As I said, I haven't watched the video. If you'd like to give me the timestamp I'll check it out, but I'm not spending an hour on a video I'm not interested in just to find it. That said, given what I know of regulated mods and their safety features and the way batteries work, I doubt the mod shut down. I expect the battery failed - if you try to draw far too much current from a battery the voltage collapses and nothing happens.

I think you're saying here that you believe regulated mods have safety protections that prevent excessive draw on a battery (excessive being something that would damage it, cause venting or trigger thermal runaway). If I've misunderstood you, please correct me. If not, you're mistaken. A regulated mod will not prevent you from damaging, venting or blowing up a battery. They do have one feature that reduces risk somewhat, but its effectiveness is limited.

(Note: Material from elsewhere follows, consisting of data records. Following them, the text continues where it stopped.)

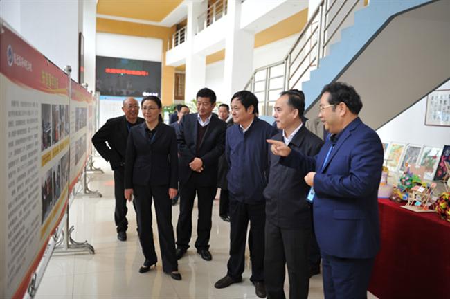 我校党委书记、校长史余强向宋副书记一行介绍了学校党的建设、升专创建、专业论证、扶贫等工作情况。宋副书记一行观看了学校办学情况展板,查阅了学校扶贫档案和学校近期获得的各项奖励。在学校雕塑室了解了学校中心广场改造情况,观看了张劲扬老师雕塑作品及学生雕塑训练,在学校书画展室观看了教师书画展。宋副书记充分肯定了学校取得的办学成绩和扶贫成绩,希望学校继续加强校园特色文化建设,加大办学硬件及软件建设力度,加快发展速度,在专业论证和升专创建上取得更大成绩。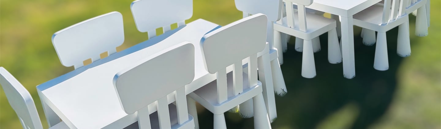 Create the perfect little setting for your next celebration with our brand-new children’s tables and chairs. Designed in a clean, all-white finish, this stylish set blends beautifully with any theme — from birthday parties and baby showers to weddings and family gatherings.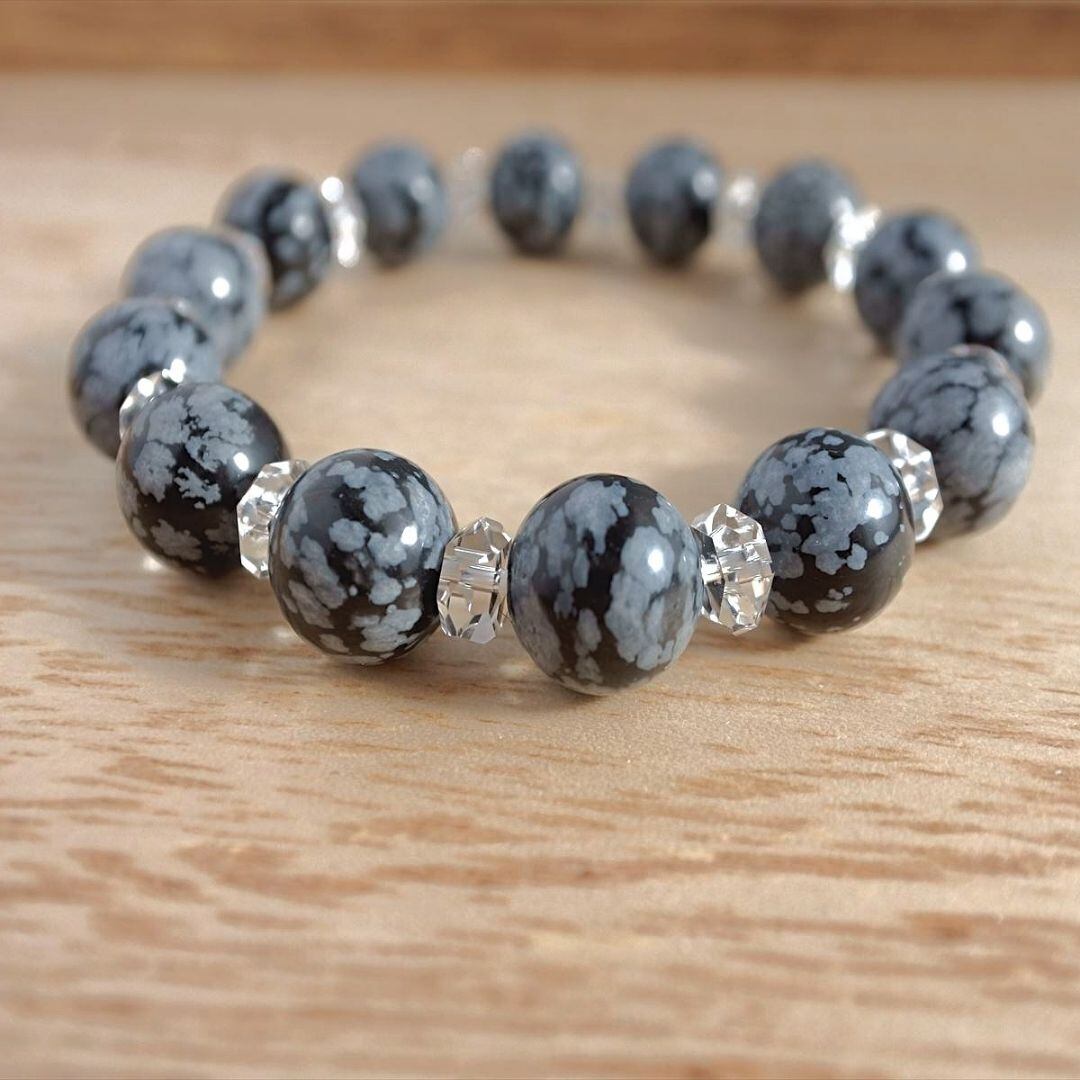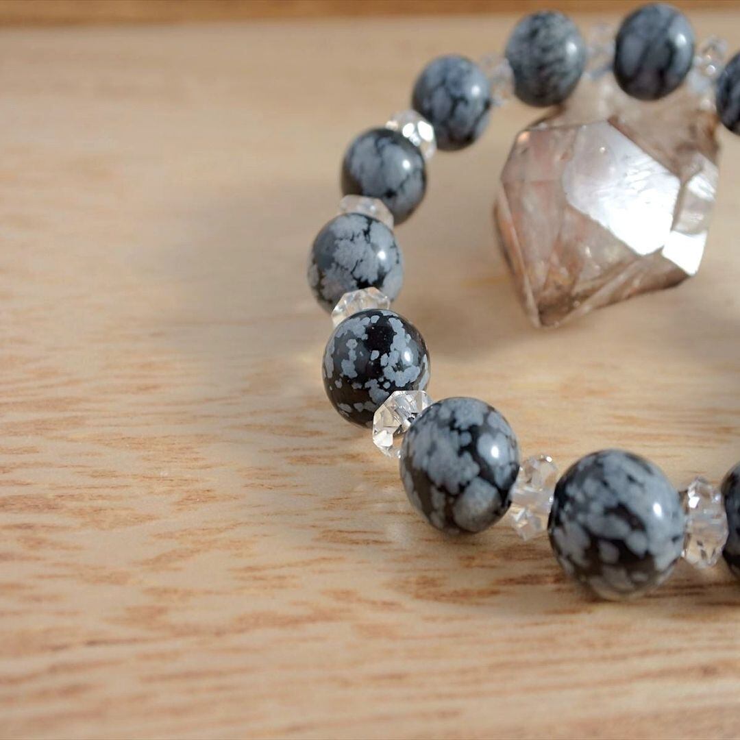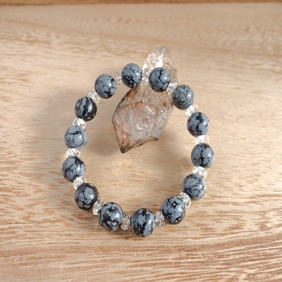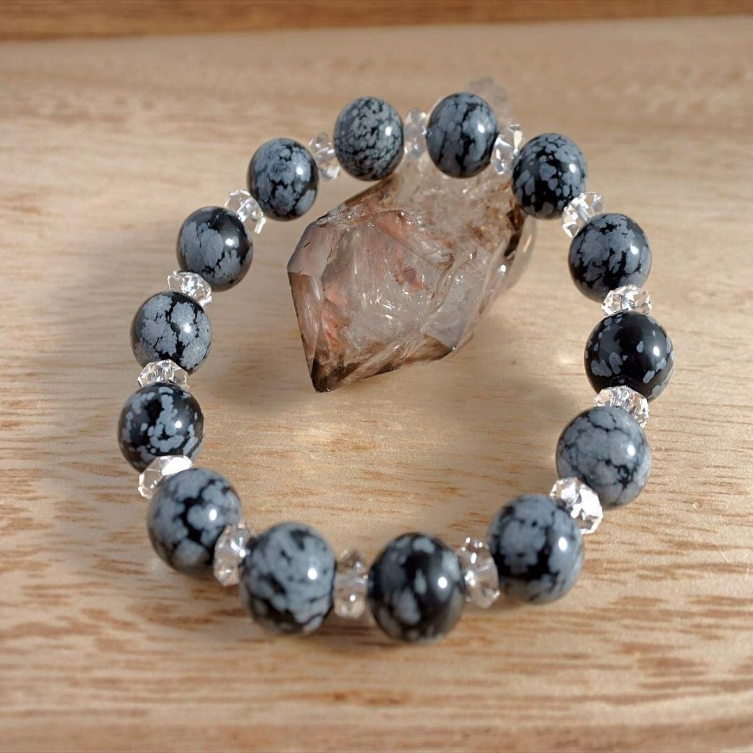 10㎜玉のスノーフレークオブシディアンとボタン型の水晶を交互に配置した、シンプルですが、とてもパワフルなブレスレットです

The only feature that limits what you can do with a battery is the board temperature sensor/shutdown. If your battery is overheating it will eventually heat up the board which will then shut down and stop pulling power from the battery. The problem is that the battery might already have entered an irreversible process leading to venting or thermal runaway well before the board gets overheated and shuts down. It's a good safety feature and may prevent some problems, but it's nowhere near foolproof.

Apart from that, mods have no idea what battery is being used and no way to tell whether that usage is appropriate or not.